The character class you specified is the one that includes:
- any of the "characters" \xe4 or \xb8; or
- any "character" in the range \x80..\xe9; or
- any of the "characters" \xbe, \xa0, \xe3, \x80, \x85, \xe3 (again), \x80 (again), \x86, \xe3 (again), \x83, \xb5, \xe3 (again), \x83 (again), \xb6.
Messy isn't it? Do you see the problem?
This will not match "latin" characters (which I assume you mean things like a-z) because in UTF-8 those all use a single byte below 0x80, and none of those is in that messy character class.
It will not match "中"
either because "中"
has three "characters", and your regex matches only one "character" out of that weird long list. Try assert(std::regex_match("中", std::regex("...")))
and you will see.
If you add a +
it works because "中"
has three of those "characters" in your weird long list, and now your regex matches one or more.
If you instead add {1}
it does not match because we are back to matching three "characters" against one.
Incidentally "中"
matches "中"
because we are matching the three "characters" against the same three "characters" in the same order.
That the regex with +
will actually match some undesired things because it does not care about order. Any character that can be made from that list of bytes in UTF-8 will match. It will match "\xe3\x81\x81"
(ぁ U+3041) and it will even match invalid UTF-8 input like "\xe3\xe3\xe3\xe3"
.
The bigger problem is that you are using a regex library that does not even have level 1 support for Unicode, the bare minimum required. It munges bytes and there isn't much your precious tiny regex can do about it.

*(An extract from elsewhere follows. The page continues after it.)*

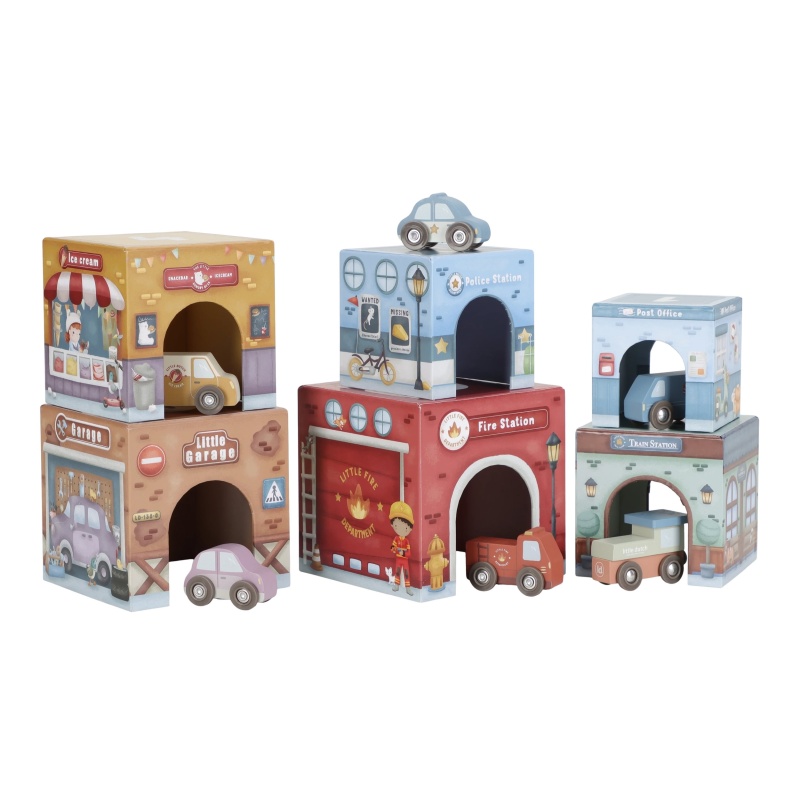 Stavět, objevovat a hrát si! Nápaditá sada Little Duch obsahuje šest ilustrovaných kartonových kostek různých velikostí, které představují budovy jako požární stanici, garáž nebo poštu – a k nim 6 dřevěných vozidel, patřících k jednotlivým budovám.

And the even bigger problem is that you are using a hardcoded set of characters to specify "any Japanese Kanji or Chinese character". Why not use the Unicode Script property for that?
R"(\p{Script=Han})"
Oh right, this won't work with C++11 regexes. For a moment there I almost forgot those are annoyingly worse than useless with Unicode.
So what should you do?
You could decode your input into a std::u32string
and use char32_t
all over for the matching. That would not give you this mess, but you would still be hardcoding ranges and exceptions when you mean "a set of characters that share a certain property".
I recommend you forget about C++11 regexes and use some regular expression library that has the bare minimum level 1 Unicode support, like the one in ICU.